### To do
What you print should match the entries exactly, only without the pictures.

[Raw data]

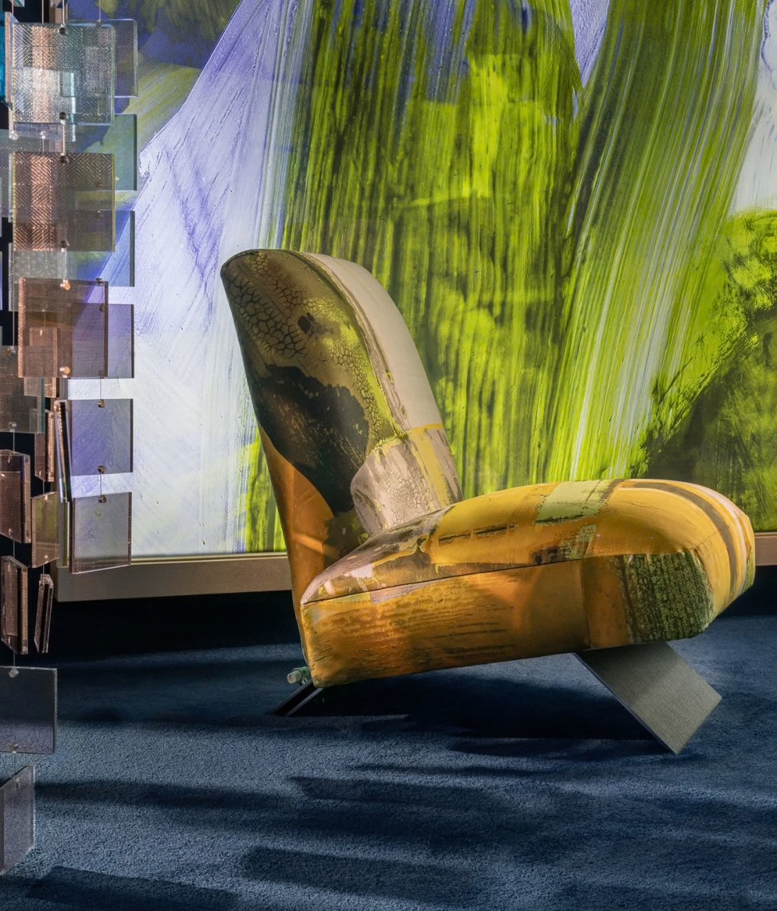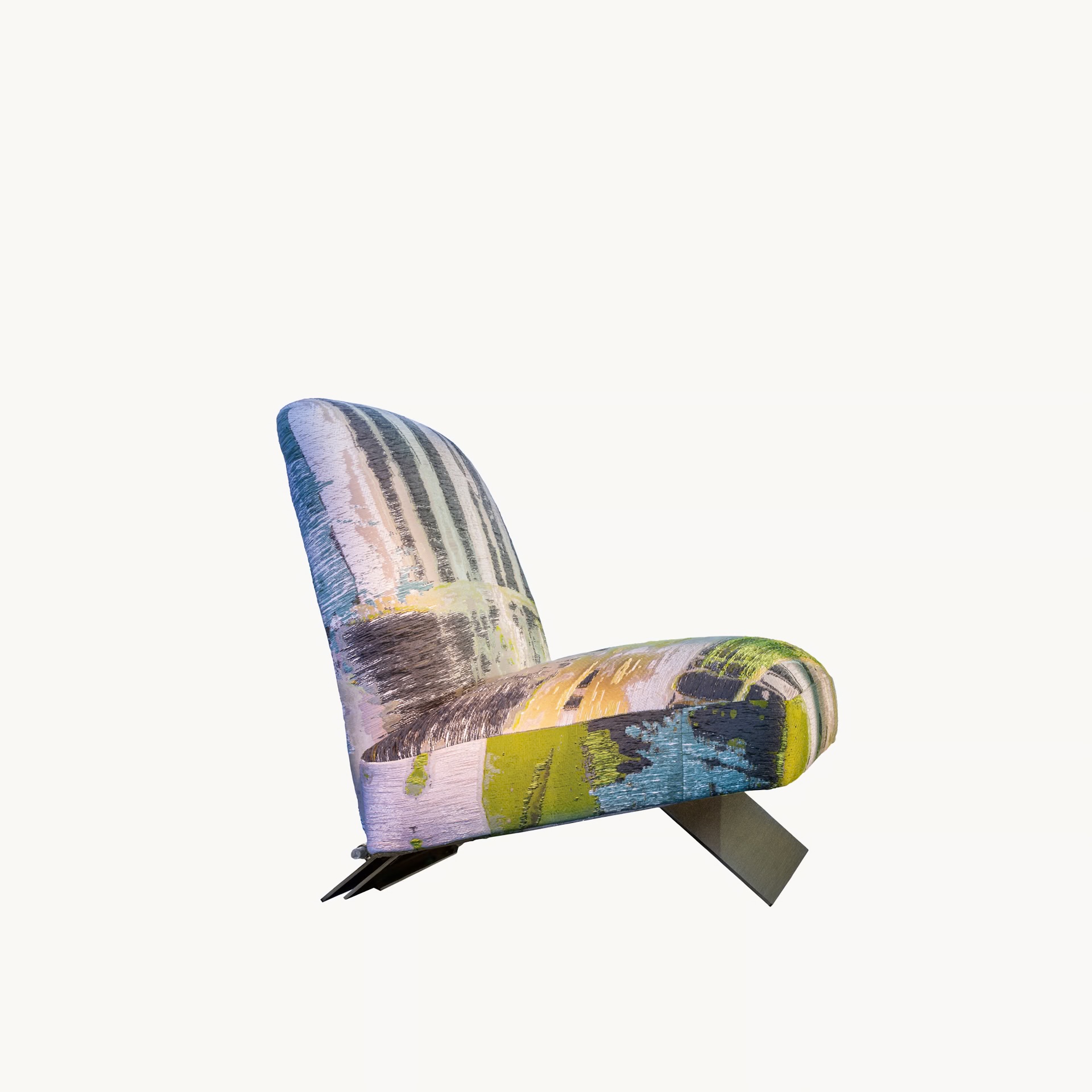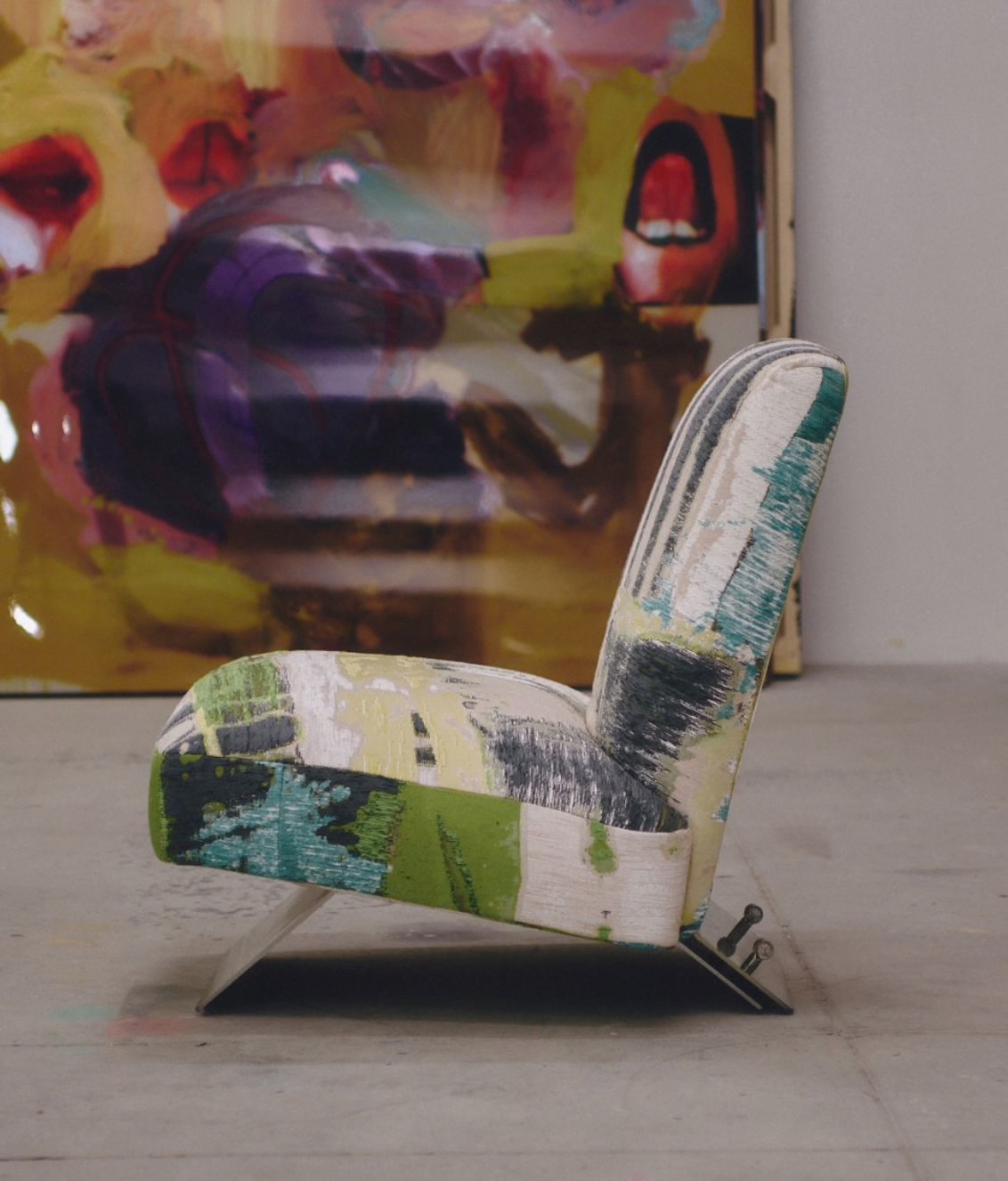 Opis: Aries Art to nowa, (limitowana 8 szt.) odsłona fotela Aries. Ten wypoczynkowy fotel z szerokim, ergonomicznie wyprofilowanym siedziskiem stał się obiektem sztuki dzięki zastosowaniu wyjątkowej tkaniny. Kompaktowa bryła spoczywa na podstawie z giętych blach, połączonych chromowanymi, mosiężnymi elementami toczonymi z marmurowymi wstawkami. Tym razem tapicerka nawiązuje do obrazów tworzonych przez artystyczny duet Draga & Aurel.
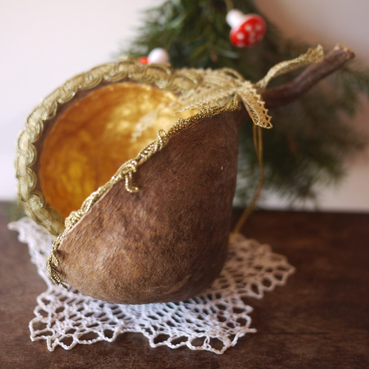 木の実の内側をゴールドでペイント。
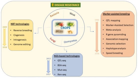 Mores A, Borrelli GM, Laidò G, Petruzzino G, Pecchioni N, Amoroso LGM, Desiderio F, Mazzucotelli E, Mastrangelo AM, Marone D. Genomic Approaches to Identify Molecular Bases of Crop Resistance to Diseases and to Develop Future Breeding Strategies. International Journal of Molecular Sciences. 2021; 22(11):5423. https://doi.org/10.3390/ijms22115423
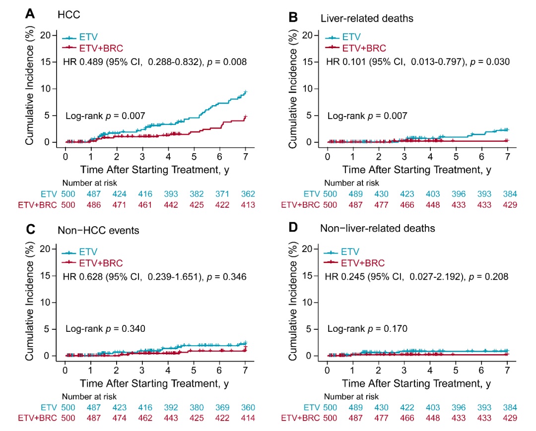 圖1. ETV+BRC組與ETV單藥組7年累積(非)肝癌發(fā)生率和(非)肝臟相關(guān)死亡率比較
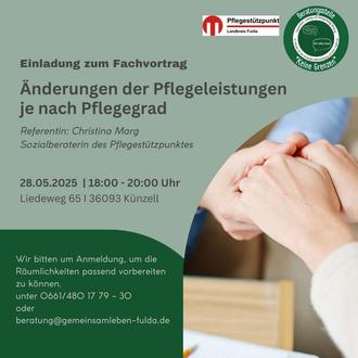 Mit einem Pflegegrad können Betroffene und deren Angehörige entlastet werden. Doch wem steht so ein Pflegegrad zu und wie bekomme ich den? Und was für Leistungen gibt es denn mit einem Pflegegrad? All diese Fragen werden bei dem Vortrag beantwortet. Darüber hinaus gab/ gibt es dieses Jahr wichtige Anpassungen bei den Pflegeleistungen, die viele Betroffene und Angehörige finanziell entlasten sollen. Insbesondere wurden die Leistungen in mehreren Bereichen erhöht, um den gestiegenen Kosten in der Pflege gerecht zu werden. Eine besonders bedeutende Neuerung ist das sogenannte Entlastungsbudget, das ab dem 1. Juli 2025 in Kraft tritt. Es soll pflegende Angehörige gezielter unterstützen und flexiblere Nutzungsmöglichkeiten für bestehende Leistungen schaffen. Auch diese Änderungen sind Inhalt des Abends.

[/Raw data]

### Response below
 Opis: Aries Art to nowa, (limitowana 8 szt.) odsłona fotela Aries. Ten wypoczynkowy fotel z szerokim, ergonomicznie wyprofilowanym siedziskiem stał się obiektem sztuki dzięki zastosowaniu wyjątkowej tkaniny. Kompaktowa bryła spoczywa na podstawie z giętych blach, połączonych chromowanymi, mosiężnymi elementami toczonymi z marmurowymi wstawkami. Tym razem tapicerka nawiązuje do obrazów tworzonych przez artystyczny duet Draga & Aurel.
 木の実の内側をゴールドでペイント。
 Mores A, Borrelli GM, Laidò G, Petruzzino G, Pecchioni N, Amoroso LGM, Desiderio F, Mazzucotelli E, Mastrangelo AM, Marone D. Genomic Approaches to Identify Molecular Bases of Crop Resistance to Diseases and to Develop Future Breeding Strategies. International Journal of Molecular Sciences. 2021; 22(11):5423. https://doi.org/10.3390/ijms22115423
 圖1. ETV+BRC組與ETV單藥組7年累積(非)肝癌發(fā)生率和(非)肝臟相關(guān)死亡率比較
 Mit einem Pflegegrad können Betroffene und deren Angehörige entlastet werden. Doch wem steht so ein Pflegegrad zu und wie bekomme ich den? Und was für Leistungen gibt es denn mit einem Pflegegrad? All diese Fragen werden bei dem Vortrag beantwortet. Darüber hinaus gab/ gibt es dieses Jahr wichtige Anpassungen bei den Pflegeleistungen, die viele Betroffene und Angehörige finanziell entlasten sollen. Insbesondere wurden die Leistungen in mehreren Bereichen erhöht, um den gestiegenen Kosten in der Pflege gerecht zu werden. Eine besonders bedeutende Neuerung ist das sogenannte Entlastungsbudget, das ab dem 1. Juli 2025 in Kraft tritt. Es soll pflegende Angehörige gezielter unterstützen und flexiblere Nutzungsmöglichkeiten für bestehende Leistungen schaffen. Auch diese Änderungen sind Inhalt des Abends.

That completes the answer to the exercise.